Sophia Foundation Photo-Matching Algorithm
RootSquare built a multimodal AI system for the Sophia Foundation for Children to automatically match children’s photos with fragmented records. The solution reduced days of manual work to minutes while keeping humans in the loop for verification and trust.
Sophia Foundation for Children
RootSquare partnered with the Sophia Foundation for Children to automate the organization, verification, and matching of child records across images and fragmented documentation.
The Foundation operates in environments where records are often incomplete, inconsistent, and manually maintained. Photos, names, and background information frequently arrive separately, making identification slow and error-prone. The process required extensive manual review and carried high risk of duplication or mislabeling.
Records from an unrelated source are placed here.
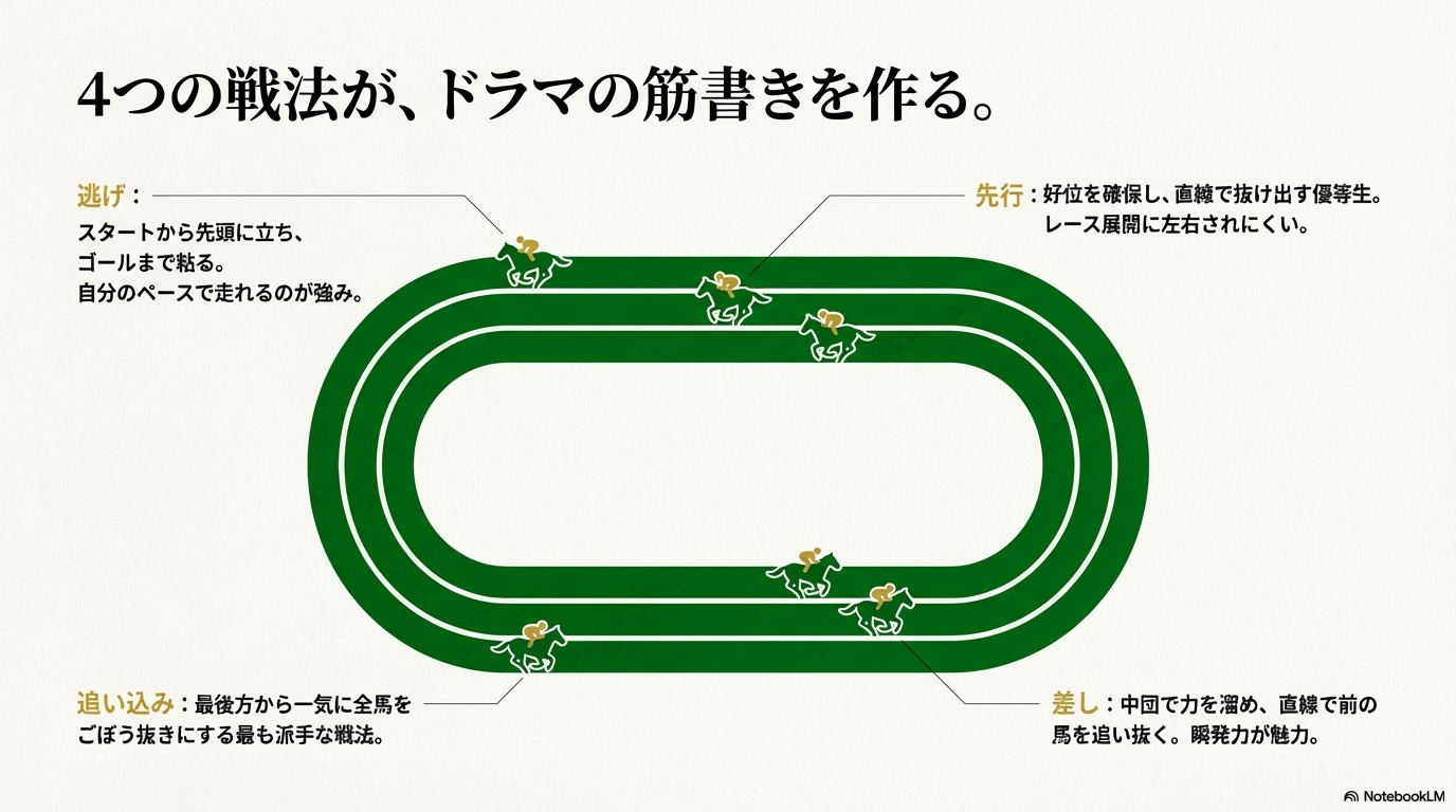 | 差し | レース中盤は中団(5~10番手あたり)で力を温存(脚を溜める)し、最後の直線で一気に前の馬たちを追い抜きます。 | レース前半が速い(ハイペース)と前の馬がバテるため、終盤で逆転しやすくなります。ゴール前の瞬発力が魅力です。 | 前の馬が壁になり、進路が見つからない(ドン詰まり)リスクがあります。また、ペースが遅いと前の馬がバテず、届かないこともあります。 |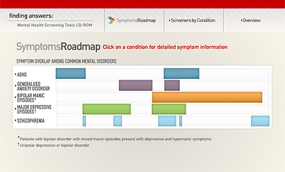 A print version of the Symptom Roadmap shows the unique and overlapping symptoms that can occur with some mental illnesses.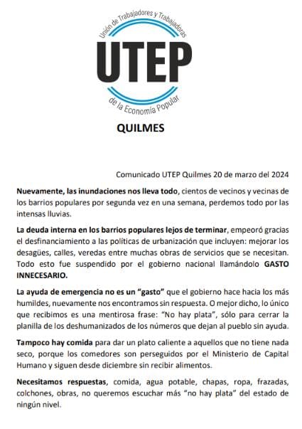 Necesitamos respuestas, comida, agua potable, chapas, ropa, frazadas, colchones, obras, no queremos escuchar más “no hay plata” del Estado de ningún nivel.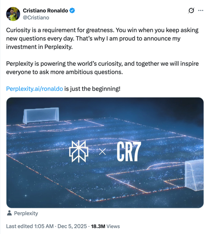 在最近的2025年12月5日,C罗正式购入美国生成式搜索独角兽Perplexity AI的股份,成为战略股东。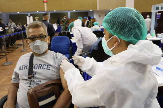 BNEWS - Dalam rangka mendukung percepatan vaksinasi sebagai salah satu langkah menyelesaikan pandemi Covid-19, vaksinasi massal bagi masyakat umum serta pelaku pariwisata dan ekonomi kreatif (Parekraf) kembali digelar di GOR Widya Dirgantara, Seskoau, Lembang, Bandung Barat, Sabtu (21/08/2021).
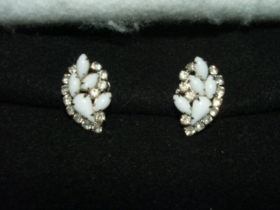 Vintage White Milk Glass Rhinestone Earrings Pretty!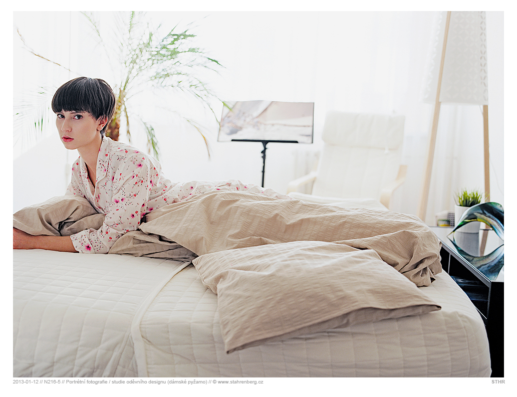 Portrétní fotografie / studie oděvního designu - dámské pyžamo. Středoformátový fotoaparát Mamiya RB67 Pro SD, objektiv: Mamiya KL4.5/180L-A, materiál: Kodak. Sken a digitální úprava. Otevřená kniha na notovém stojanu v pozadí - Franco Pace, "Giro d´aria". |

We designed a modular, multimodal AI system that processes both images and scanned documents, extracts structured information, and determines whether a child already exists in the database or represents a new record. Matching prioritizes face-based similarity and falls back to full-image analysis when needed.
Ambiguity is not hidden. When the system detects uncertainty, it flags the case for human review. This ensures accuracy while dramatically reducing manual workload.
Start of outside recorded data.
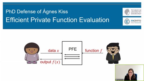 On Fri., 25th September 2020, Ágnes Kiss successfully defended her dissertation “Efficient Private Function Evaluation” in an online video conference. Congratulations!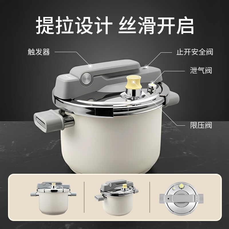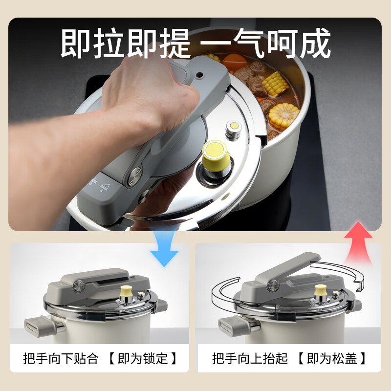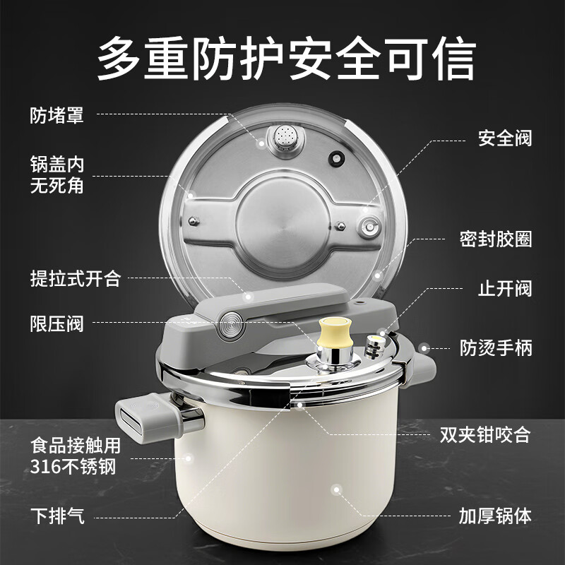 这款压力锅具有多重防爆功能,确保在各种环境下都能安心使用。同时它还兼容多种烹饪设备,无论是燃气灶还是电磁炉,都可以完美适配。其耐用的材质和强大的功能使其成为厨房里的理想选择。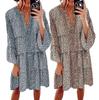 9016 * Vestido con estampado de leopardo de manga corta, cintura alta, escote en V, sexy, estilo europeo y americano para mujer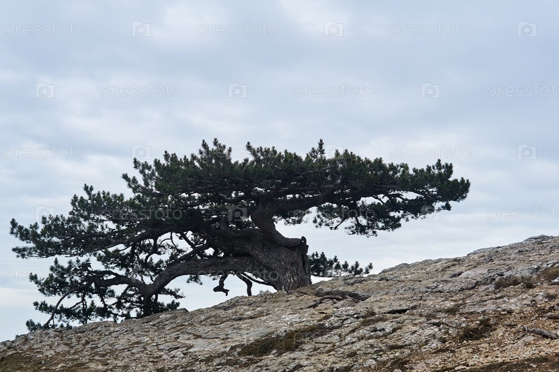 Причудливая кривая сосна на камнях на краю пропасти

Tasks that previously required days of visual inspection can now be completed in minutes, while maintaining transparency and auditability.
Images used in public demonstrations are synthetic and contain fictional information to protect privacy. Dashboard visuals are authentic and shared with the foundation’s permission.
This project reflects our core philosophy: AI should not replace human judgment. It should strengthen it through structured, explainable automation built for real-world constraints.